The study detected 12 per cent more prostate tumours among men who were screened annually compared to those who received routine care, at 4,250 tumours versus 3,815. Deaths from prostate cancer did not differ significantly between the groups.

There were 158 deaths from the cancer in the screening group and 145 deaths in the routine-care group. Annual screening tests also did not reduce deaths from prostate cancer among men in their 50s and 60s, as the researchers had hoped.

Furthermore, men diagnosed with prostate cancer who also had a history of heart attacks, strokes, diabetes, cancer or lung and liver disease were far more likely to die from causes other than prostate cancer – a finding that suggests that screening often finds tumours that are not likely to cause harm.
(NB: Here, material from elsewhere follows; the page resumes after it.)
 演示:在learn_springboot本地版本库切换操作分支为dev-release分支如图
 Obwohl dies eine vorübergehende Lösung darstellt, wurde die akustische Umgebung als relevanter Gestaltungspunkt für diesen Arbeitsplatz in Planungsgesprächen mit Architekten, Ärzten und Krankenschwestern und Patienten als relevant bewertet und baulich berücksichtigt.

While recommending against mass screening of all men on the basis of age alone, Prof Andriole acknowledged that screening can be useful in select men. He also said that widespread testing has resulted in many men with slow-growing tumours to be over-diagnosed and over-treated with surgery or radiation therapy, the possible side effects of which include incontinence and impotence.

“We have to take a more nuanced approach to determine which men should be screened with PSA in the first place, how frequently they should be tested, the PSA level at which they should be biopsied and whether their cancer warrants aggressive therapy,” he continued.

The PLCO study will continue to follow patients for up to 15 years after they enrolled, and evaluate the effects of prostate cancer screening on mortality.